A real Internet satellite link generally doesn’t just see a constant load. So how do we know which queue capacity works best under a range of loads?
The only way to get a proper answer is to try feasible combinations of load levels and queue capacities. Which poses the next question: What exactly do we mean by “works best”?
Looking at the iperf download, increasing the queue size at 20 client channels always improves the download time. This would suggest dumping Guido’s insights in favour of the traditional value. Not so fast: Remember those standing queues in Figure 3? At around 20 ms extra delay, they seemed tolerable. Just going to a 200kB queue bumps these up to 80 ms, though, and they’re a lot more common, too. Anyone keen to annoy VoIP users for the sake of a download that could be three times faster? Maybe, maybe not. We’re clearly getting into compromise territory here, but around 100kB-200kB seems to be in the right ballpark.
So how do we get to zero in on a feasible range? Well, in the case of the 16 Mbps link, we looked at (“sweeped”) eleven potential queue capacities between 30 kB and 800 kB. For each capacity, we swept up to nine load levels between 10 and 600 client channels. That’s many dozens of combinations, each of which takes around 20 minutes to simulate, plus whatever time we then take for subsequent manual inspection. Multiply this with the number of possible link bandwidths of interest in GEO and MEO configuration, plus repeats for experiments with quality control issues, and we’ve got our worked carved out. It’s only then that we can get to coding and PEPs.
A lot. If the question on your mind starts with “Have you thought of…” or “Have you considered…,” the answer is possibly yes. Here are a few challenges ahead:
Network coding (TCP/NC): We’ve already got the encoder and decoder ready, and once the sweeps are complete and we have identified the parameter combinations that represent the best compromises, we’ll collect performance data here. Again, this will probably take a few sweeps of possible generation sizes and overhead settings.
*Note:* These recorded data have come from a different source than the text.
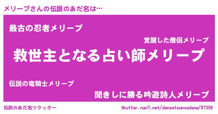 | 女子向けラノベタイトル風あだ名 | 『死神メリープの再婚』 |
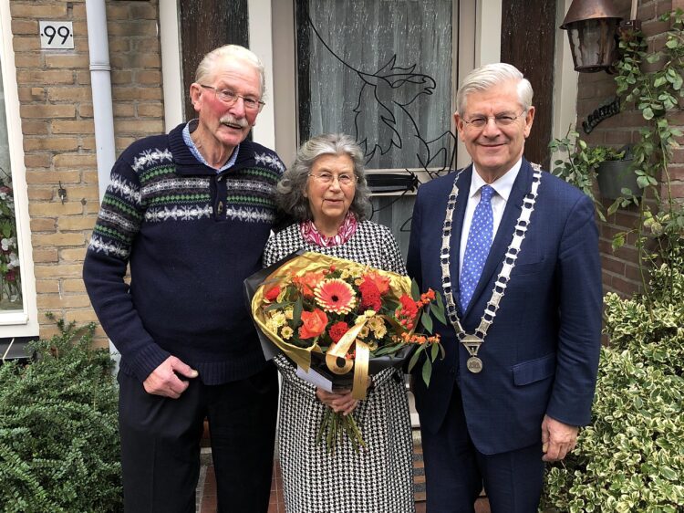 Op 18 december 1957 gaven de heer J.C. (87 jaar) Aartsen en mevrouw H. (84 jaar) Aartsen-Groeneveld uit Puttershoek elkaar het jawoord voor de ambtenaar van de burgerlijke stand. Vandaag ging burgemeester Aptroot bij hen op bezoek met een mooi boeket om hen namens het gemeentebestuur te feliciteren met hun briljanten huwelijksjubileum.
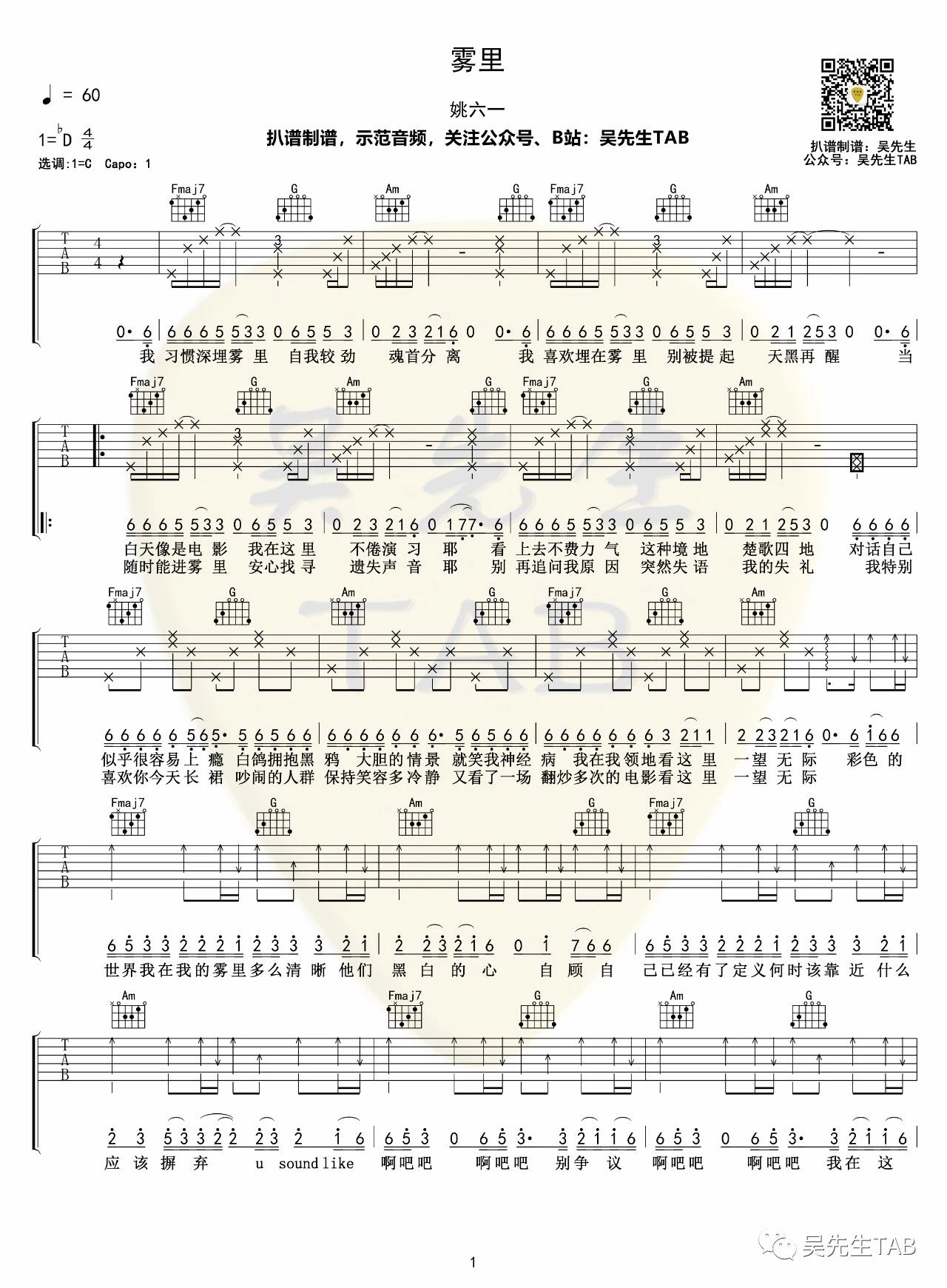 雾里吉他谱 - 姚六一 - C调吉他弹唱谱
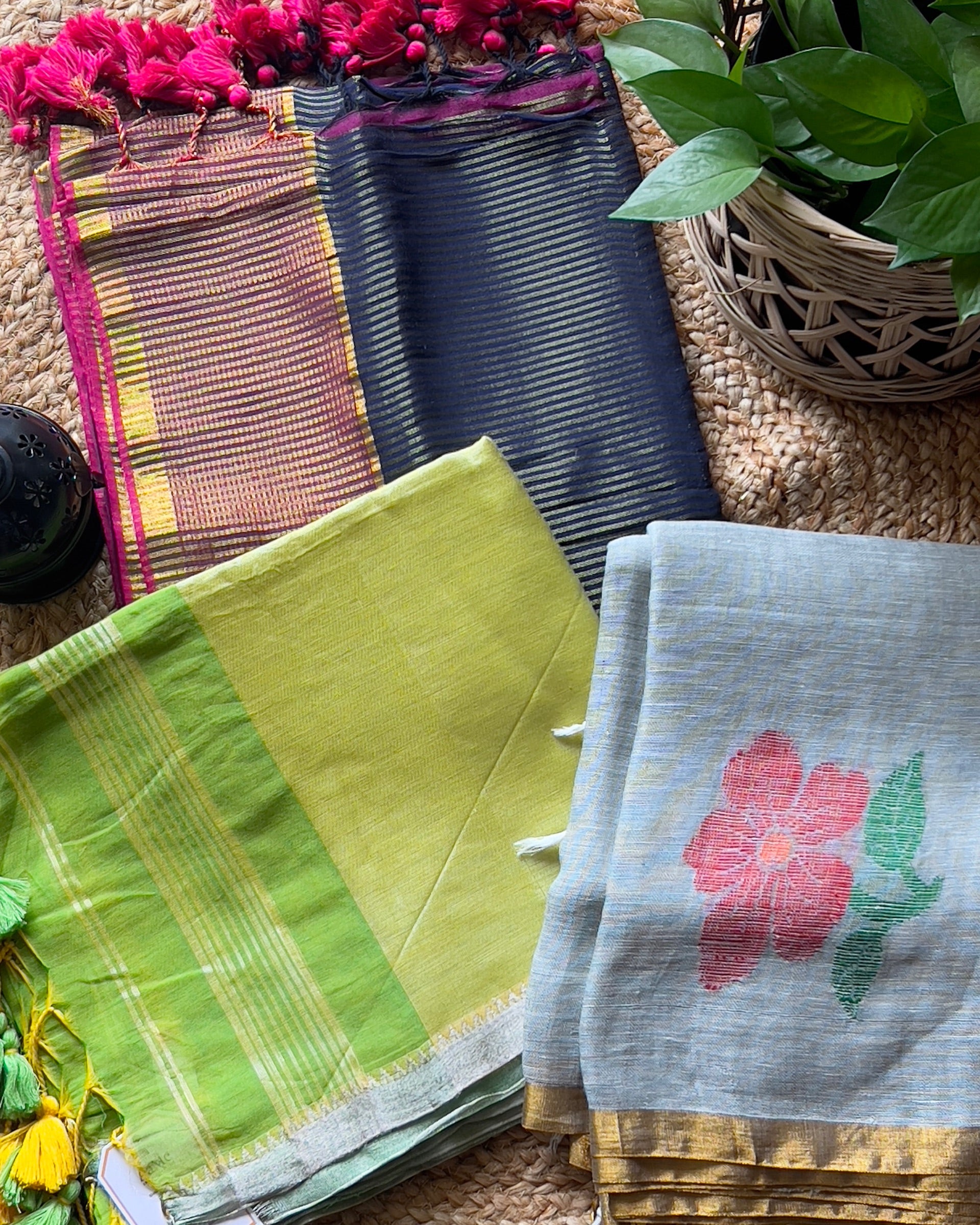 Let your confidence flourish with our heartwarming "Mystic Muse " saree combo! This charming collection of 3 sarees, curated from a diverse range of fabrics, seamlessly blends tradition with modern style, creating a fresh and feminine look. Each saree is designed to make the wearer bloom like a flower, with diverse hues, delicate patterns, and a touch of elegance.
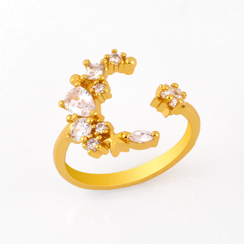 خاتم تصفية، خاتم بوهيمي أوروبي وأمريكي، خاتم أنثوي إبداعي على شكل نجمة قمرية مرصعة بالزركون، rij42
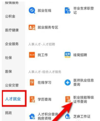 2,点击办事大厅,点击人才就业,再点击证书查询。

Performance-enhancing proxies (PEP): We’ve identified two “free” PEPs, PEPSal and TCPEP, which we want to use both in comparison and – eventually – in combination with network coding.
UDP and similar protocols without congestion control. In our netflow samples, UDP traffic accounts for around 12% of bytes. How will TCP behave in the presence of UDP in our various scenarios? How do we best simulate UDP traffic given that we know observed throughput, but can only control offered load? In principle, we could model UDP as a bandwidth constraint, but under heavy TCP load, we get to drop UDP packets as well, so it’s a constraint that’s a little flexible, too. What impact does this have on parameters such as queue capacities, generation sizes etc.?
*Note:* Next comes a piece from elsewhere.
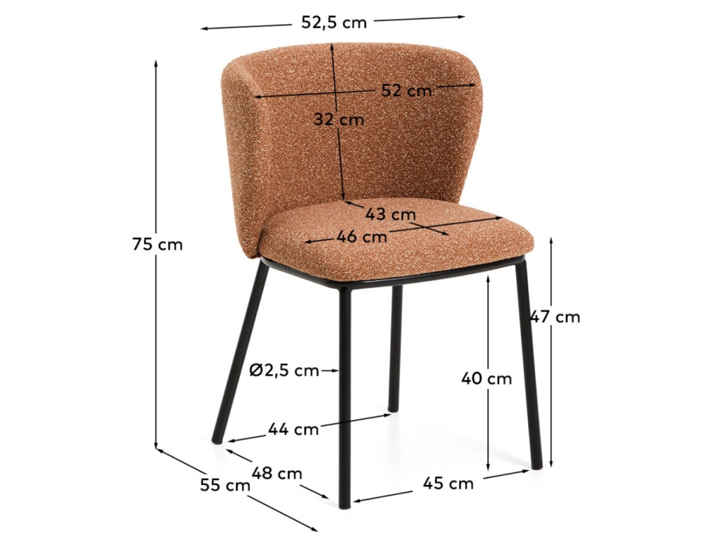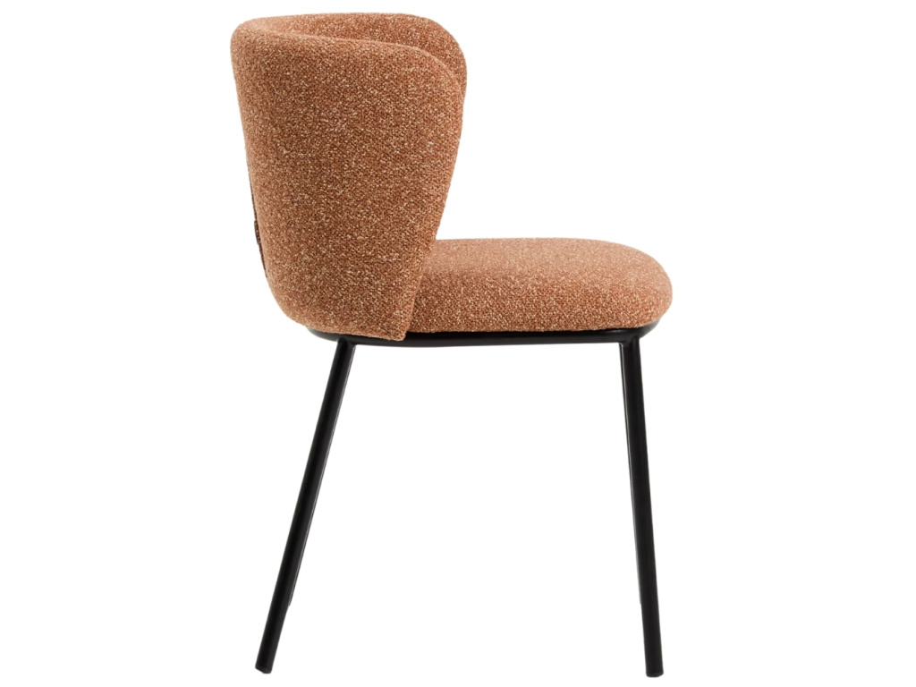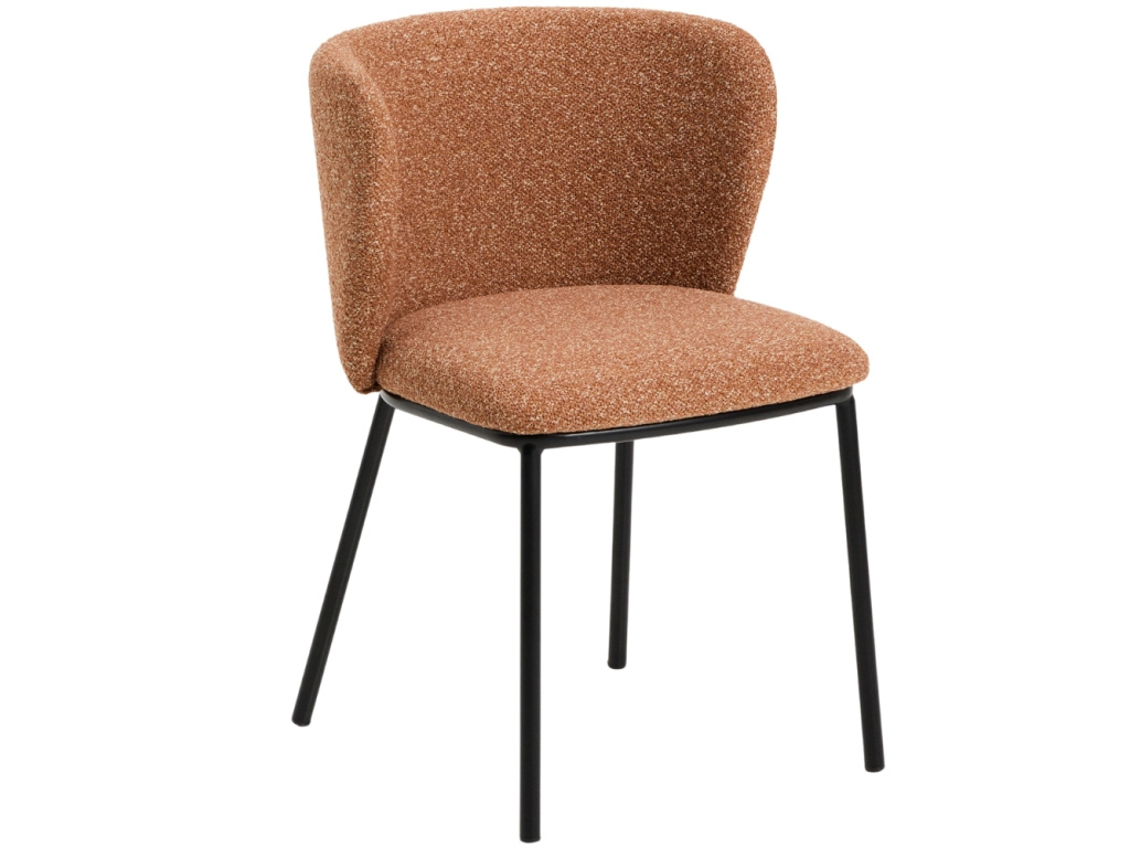 Jídelní židle Ciselia v odstínu terakoty spojuje moderní design s nečekaným pohodlím. Je čalouněná žinylkovou látkou, jejíž hebká textura přináší do prostoru klid a útulno. Sedák s výplní z polyuretanové pěny zajišťuje příjemnou oporu i při delším sezení a je tak ideální pro každodenní stolování. Židle Ciselia je součástí kolekce, která přináší do interiéru přirozenou eleganci i moderní výraz – k dispozici je také ve variantě barové židle.

Most real links are asymmetric, i.e., the inbound bandwidth is a lot larger than the outbound bandwidth. So far, we have neglected this as our data suggests that the outbound channels tend to have comparatively generous share of the total bandwidth.
Simulating world latencies. At this point, we’re using a crude set of delays on our 14 “world servers”. We haven’t even added jitter. What if we did? What if we replaced our current crude model of “satgate in Hawaii” with a “satgate in X” model, where the latencies from the satgate in X to the servers would be distributed differently?